De Monts was at last convinced that, under existing conditions, there was no money in the enterprise to which he was committed. Others could engage in the fur trade as freely as he, without having any establishments in Canada to keep up; so he willingly resigned his empty honours as lieutenant-general, in order to see what he could do as a private trader, or private member of a trading company. The office of lieutenant-general passed into the hands of a more powerful person, the Duke of Condé, who wisely made Champlain his lieutenant, and under whose auspices a powerful company was formed, consisting of all the traders of Rouen and St. Malo who wished to join it. The merchants of La Rochelle had also been invited to take a share in the enterprise, but they held off, and were consequently left out of the arrangement. Champlain had returned to France in September 1611, and the difficulties and oppositions of one kind and another to which the organization of the new company gave rise kept him there till the spring of 1613, when, again setting sail for Canada, he arrived at Quebec about the 1st of May. It was in the early summer of this year that he made his celebrated trip up the Ottawa River as far as Allumette Island, about one hundred miles above the city of Ottawa, after which he again returned to France.
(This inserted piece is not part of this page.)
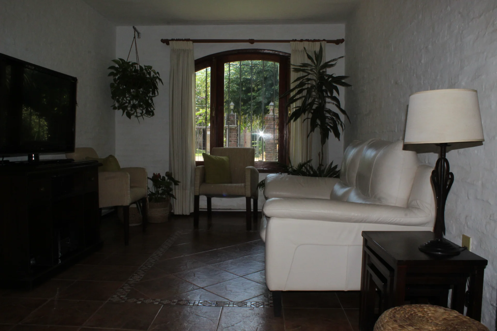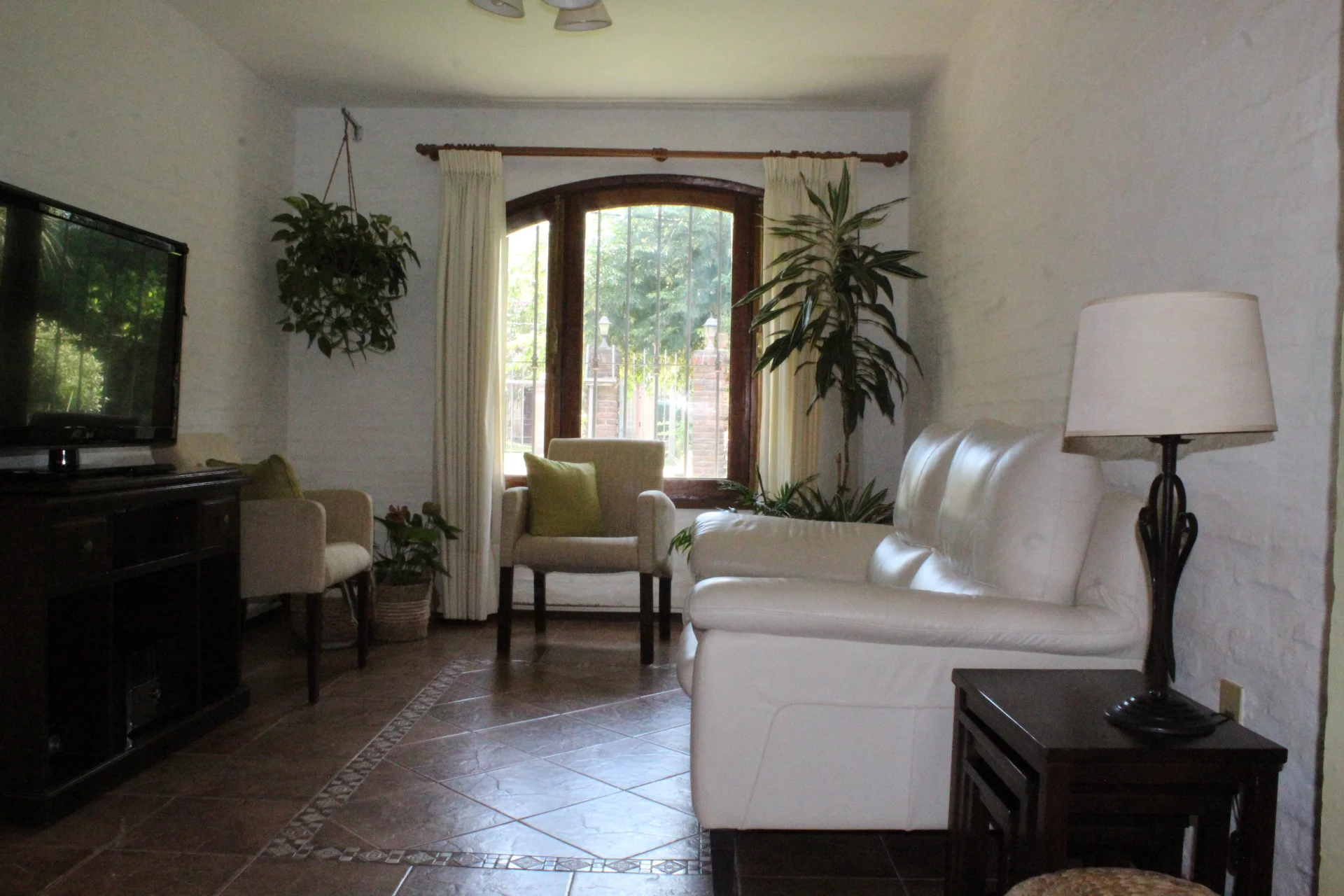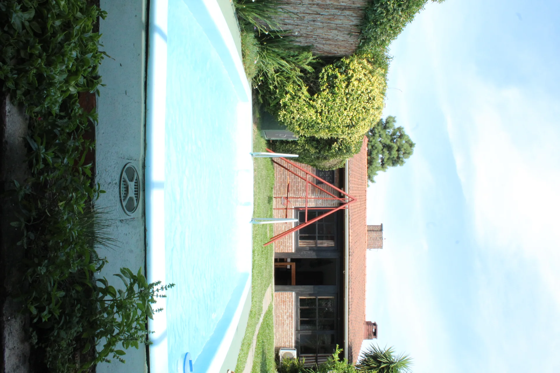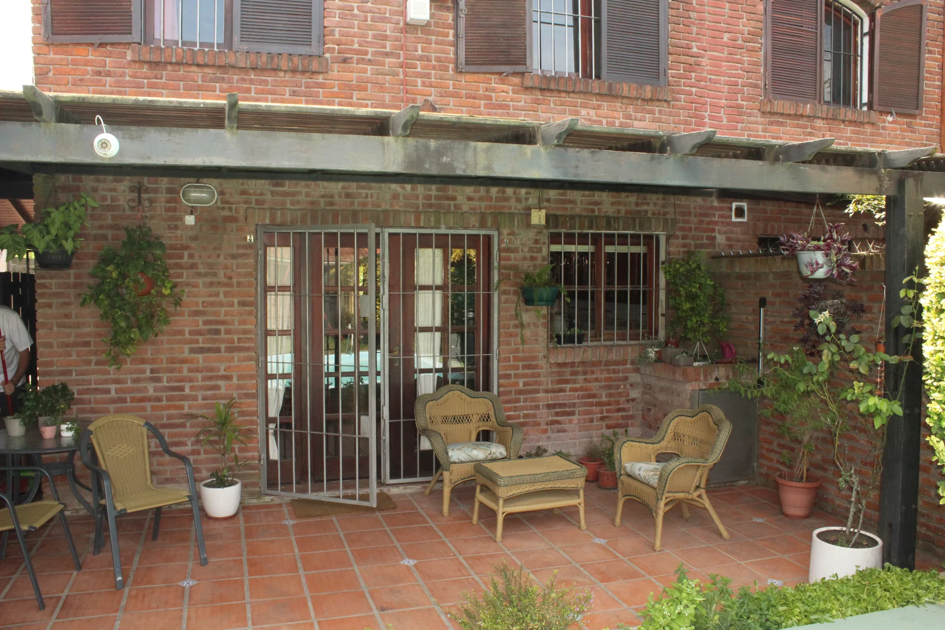 Al jardín se accede desde en interior de la casa (puerta-ventana en el comedor) o por las cocheras laterales, lo que permite recibir en la barbacoa o el entorno de la piscina, sin que se ingrese a la propiedad. Se trata de un amplio jardín con césped y plantas que generan un hermoso entorno. Además, anexo a la casa hay un espacio techado (semi cerrado), con buena sombra, comodidad para disfrutar el exterior, comer fuera de la casa, etc.

Up to this time nothing had been done by the various trading companies that had been formed towards the evangelization of the native tribes, nor even for meeting the spiritual necessities of the Europeans settled or trading in New France. Champlain, who remained in France during the whole of the following year (1614), thought it time to take the matter in hand. He therefore arranged with the Provincial of the Récollet Fathers, a sub-order of the Franciscans, that six of their members should go out to New France as missionaries, their maintenance and lodging to be provided by the company. Four of the fathers sailed with him from France in the ship St. Étienne of three hundred and fifty tons, on the 24th April 1615, and arrived at Quebec about the 1st of June. They were received with many tokens of satisfaction, but the good fathers were not long in discovering that there was very little zeal for religion in the colony, and that their work was going to be beset with the most serious difficulties and discouragements. A Récollet writer, Théodat Sagard, who came to Canada a year or two later, and who wrote a most interesting record of his experiences, says that the French themselves, who were supposed to be Christians, were by their scandalous lives the greatest impediment to the conversion of the Indians. We gather from Champlain's narrative that the first celebration of the mass took place at Rivière des Prairies, a few miles below Montreal, before a few French and a large number of Indians, "who were full of admiration at the ceremonies practised, and the ornaments used, the latter in particular seeming to them, unaccustomed as they were to such things, very beautiful and interesting."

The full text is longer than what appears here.